● **Exercise materials**
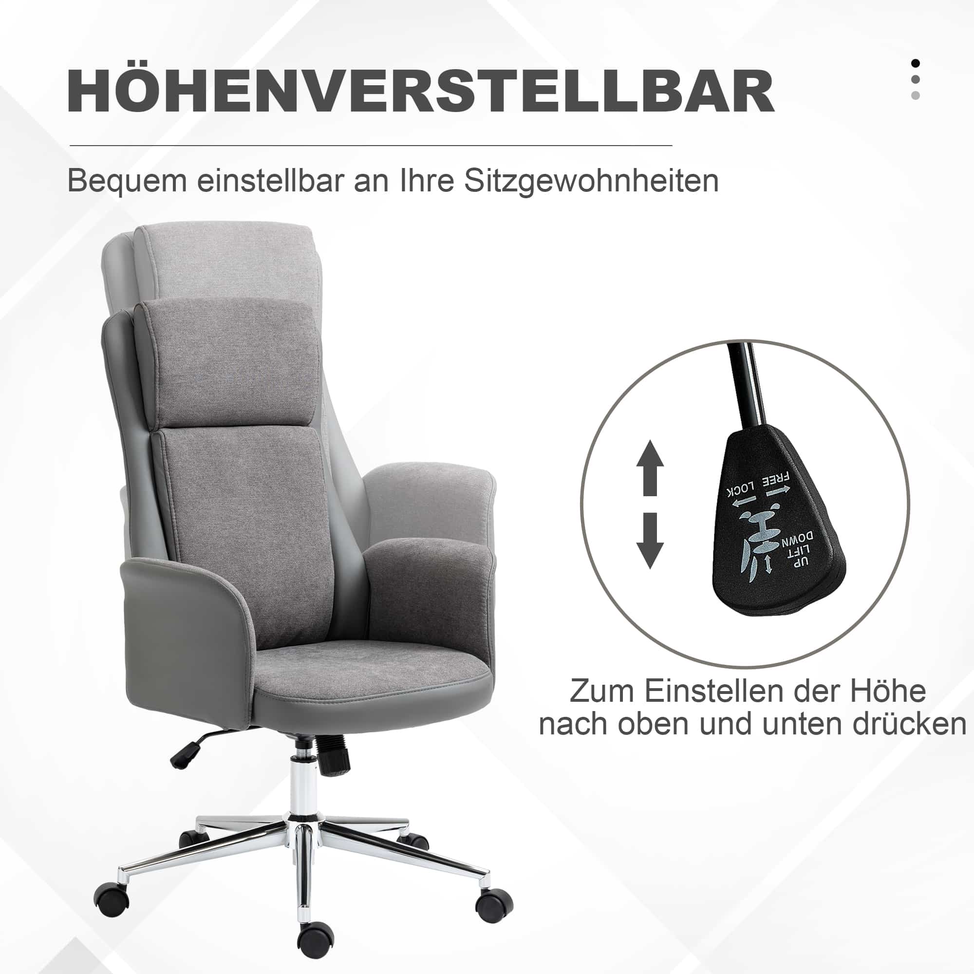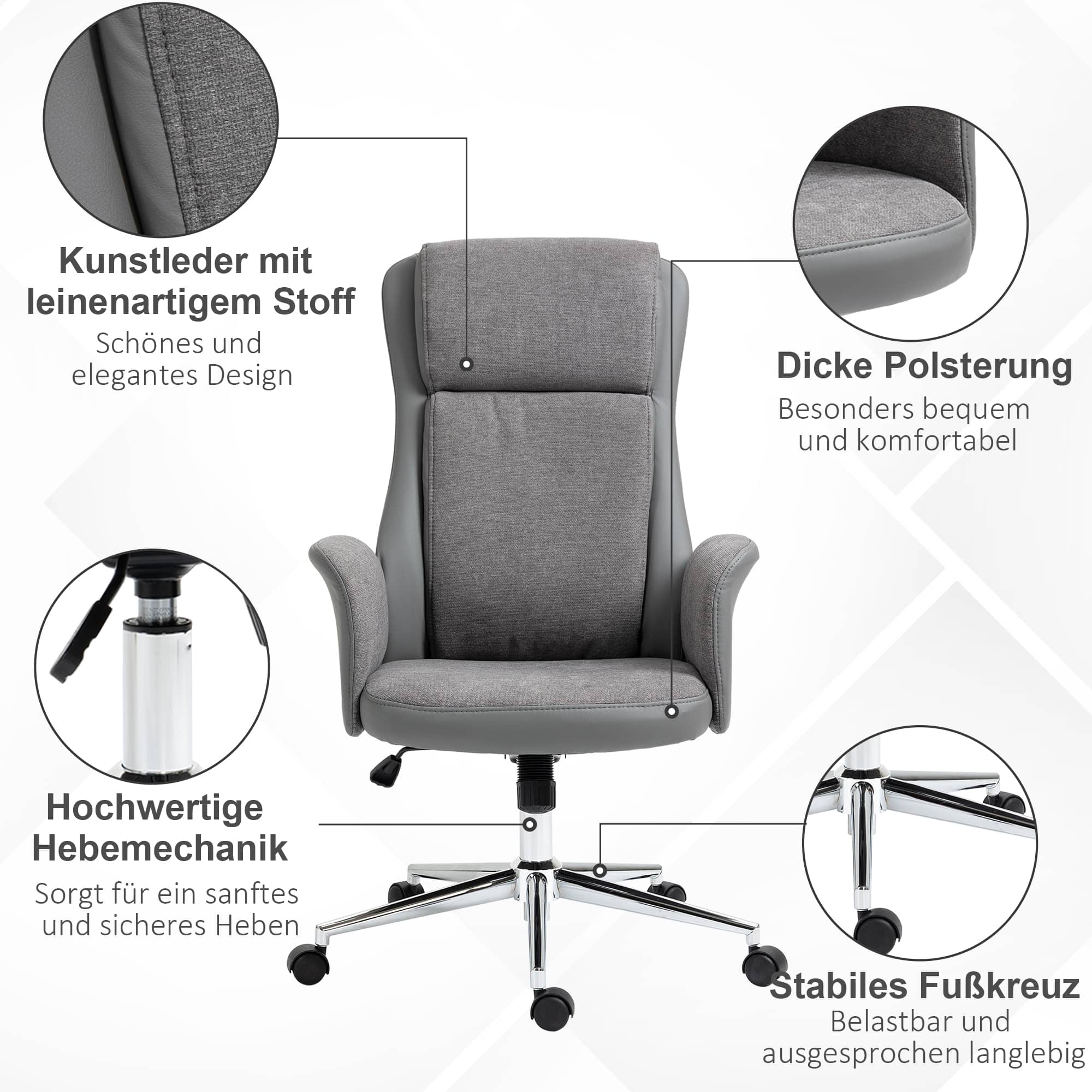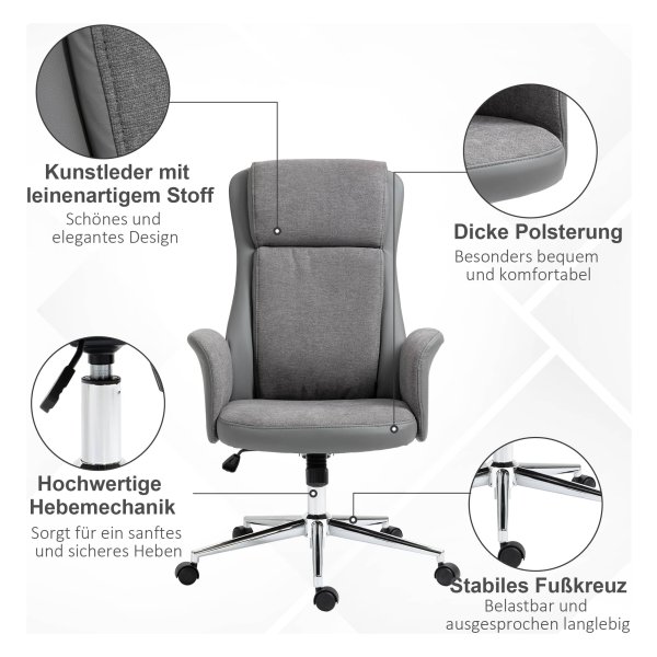 - De elegante hoes van synthetisch leer en stof in linnenlook geeft de stoel een luxe uitstraling en zorgt voor een comfortabele zitervaring.
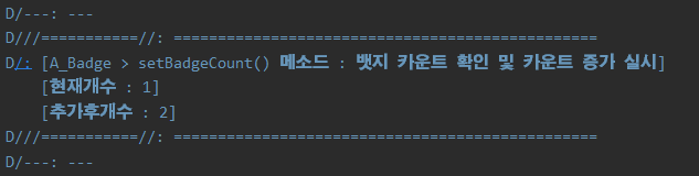 Log.d("","\n"+"[A_Badge > setBadgeCount() 메소드 : 뱃지 카운트 확인 및 카운트 증가 실시]");
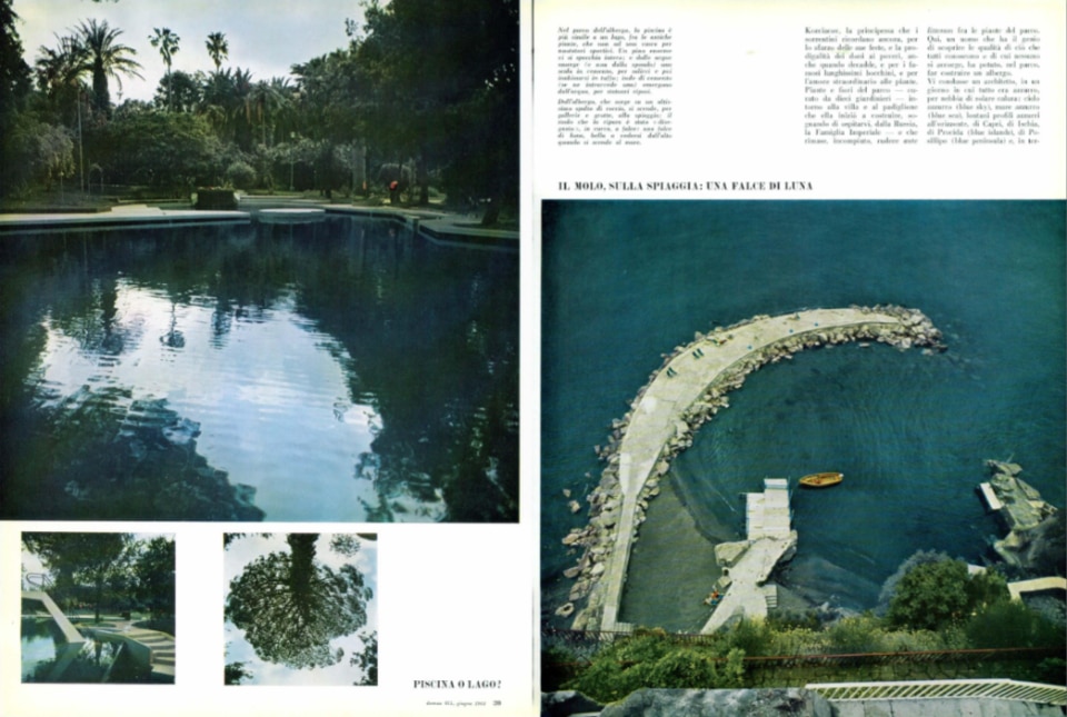 Vi condusse un architetto, in un giorno in cui tutto era azzurro, per nebbia di solare calura: cielo azzurro (blue sky), mare azzurro (blue sea), lontani profili azzurri all’orizzonte, di Capri, di Ischia, di Procida (blue islands), di Posillipo (blue peninsula) e, in terra, del Vesuvio (blue volcano). Disse l’architetto: sia azzurra e bianca, fuori, l’architettura, e bianca e azzurra dentro. L’architettura non gli riuscì di ottenerla fedele al progetto, nelle strutture e nelle finiture; ma dove natura aiutò, le cose andarono passabilmente bene: terrestre il verde percorso nel parco, fra alberi solenni; acquatica la verde piscina, che fu pensata non come un bacino per nuotatori sportivi, ma come uno specchio d’acqua per ninfe boschive, donde emergono brevi isole per i classici atteggiamenti, alla Récamier o alla Paolina, di femminili bellezze; e dalle acque emerge una scala di cemento, per salirvi e poi inabissarsi in tuffo.
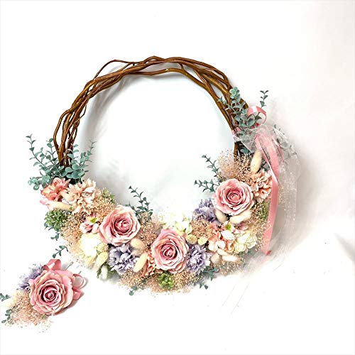 結婚式にふさわしいホワイト系のシルクフラワーと、ふわふわした羽根のようなフェザーグラス、パールピックを使った清楚な印象のリースブーケの作り方です。シルクフラワーは茎を短くカットし、リース台へボンドで接着します。大きい花を咲きに配置し、すき間を埋めるように小さい花を並べましょう。
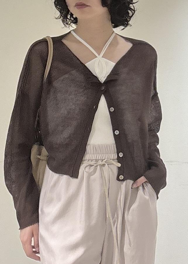 軽やかで夏まで着られるオールリネンのシアーカーディガンです。
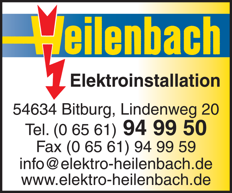 Die Adresse von Heilenbach Elektro Inh. Michael Heilenbach lautet: Lindenweg 20, 54634 Bitburg
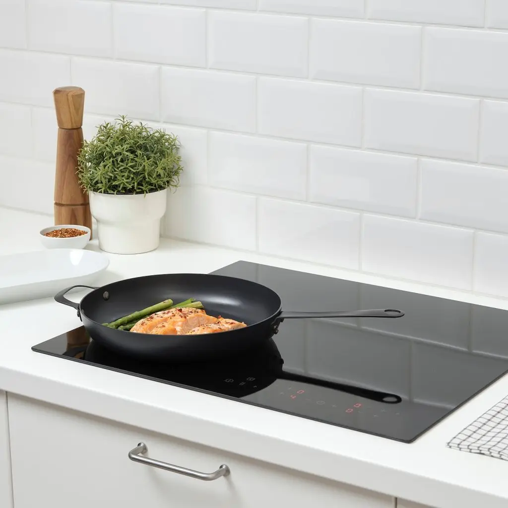 Бесплатно 25 лет гарантии. Подробнее об условиях гарантии – в гарантийной брошюре.Подходит для всех типов варочных панелей, включая индукционную.Изготовлено из углеродистой стали, обеспечивающей равномерное нагревание и прожаривание, а также сохранение тепла.Посуда полностью изготовлена из металла, поэтому ее можно также использовать в духовке.Легко поднимать и переносить благодаря двум ручкам.Чтобы прокалить кастрюлю/сковороду из углеродистой стали, обработайте поверхность маслом. Затем прогрейте кастрюлю/сковороду в духовке или на плите при температуре макс. 150 °С в течение как минимум часа. Дайте посуде остыть и вытрите излишки масла.При появлении коррозии, пятен от пищи, прилипшей или пригоревшей пищи кастрюлю/сковороду можно почистить металлической мочалкой или абразивной губкой, а затем повторно прокалить.В целях экономии энергии используйте на конфорке такого же или меньшего диаметра.Кастрюли/сковороды нагреваются в процессе использования. При их перемещении обязательно пользуйтесь прихваткой.Не подвергайте посуду резким перепадам температур, например, не рекомендуется ставить ее на горячую варочную панель.На производстве этот товар был обработан раститетельным маслом.Дизайнер

● **Activity**
The reply should repeat the data in full, exactly as given, and contain no pictures.

● **Result**
 - De elegante hoes van synthetisch leer en stof in linnenlook geeft de stoel een luxe uitstraling en zorgt voor een comfortabele zitervaring.
 Log.d("","\n"+"[A_Badge > setBadgeCount() 메소드 : 뱃지 카운트 확인 및 카운트 증가 실시]");
 Vi condusse un architetto, in un giorno in cui tutto era azzurro, per nebbia di solare calura: cielo azzurro (blue sky), mare azzurro (blue sea), lontani profili azzurri all’orizzonte, di Capri, di Ischia, di Procida (blue islands), di Posillipo (blue peninsula) e, in terra, del Vesuvio (blue volcano). Disse l’architetto: sia azzurra e bianca, fuori, l’architettura, e bianca e azzurra dentro. L’architettura non gli riuscì di ottenerla fedele al progetto, nelle strutture e nelle finiture; ma dove natura aiutò, le cose andarono passabilmente bene: terrestre il verde percorso nel parco, fra alberi solenni; acquatica la verde piscina, che fu pensata non come un bacino per nuotatori sportivi, ma come uno specchio d’acqua per ninfe boschive, donde emergono brevi isole per i classici atteggiamenti, alla Récamier o alla Paolina, di femminili bellezze; e dalle acque emerge una scala di cemento, per salirvi e poi inabissarsi in tuffo.
 結婚式にふさわしいホワイト系のシルクフラワーと、ふわふわした羽根のようなフェザーグラス、パールピックを使った清楚な印象のリースブーケの作り方です。シルクフラワーは茎を短くカットし、リース台へボンドで接着します。大きい花を咲きに配置し、すき間を埋めるように小さい花を並べましょう。
 軽やかで夏まで着られるオールリネンのシアーカーディガンです。
 Die Adresse von Heilenbach Elektro Inh. Michael Heilenbach lautet: Lindenweg 20, 54634 Bitburg
 Бесплатно 25 лет гарантии. Подробнее об условиях гарантии – в гарантийной брошюре.Подходит для всех типов варочных панелей, включая индукционную.Изготовлено из углеродистой стали, обеспечивающей равномерное нагревание и прожаривание, а также сохранение тепла.Посуда полностью изготовлена из металла, поэтому ее можно также использовать в духовке.Легко поднимать и переносить благодаря двум ручкам.Чтобы прокалить кастрюлю/сковороду из углеродистой стали, обработайте поверхность маслом. Затем прогрейте кастрюлю/сковороду в духовке или на плите при температуре макс. 150 °С в течение как минимум часа. Дайте посуде остыть и вытрите излишки масла.При появлении коррозии, пятен от пищи, прилипшей или пригоревшей пищи кастрюлю/сковороду можно почистить металлической мочалкой или абразивной губкой, а затем повторно прокалить.В целях экономии энергии используйте на конфорке такого же или меньшего диаметра.Кастрюли/сковороды нагреваются в процессе использования. При их перемещении обязательно пользуйтесь прихваткой.Не подвергайте посуду резким перепадам температур, например, не рекомендуется ставить ее на горячую варочную панель.На производстве этот товар был обработан раститетельным маслом.Дизайнер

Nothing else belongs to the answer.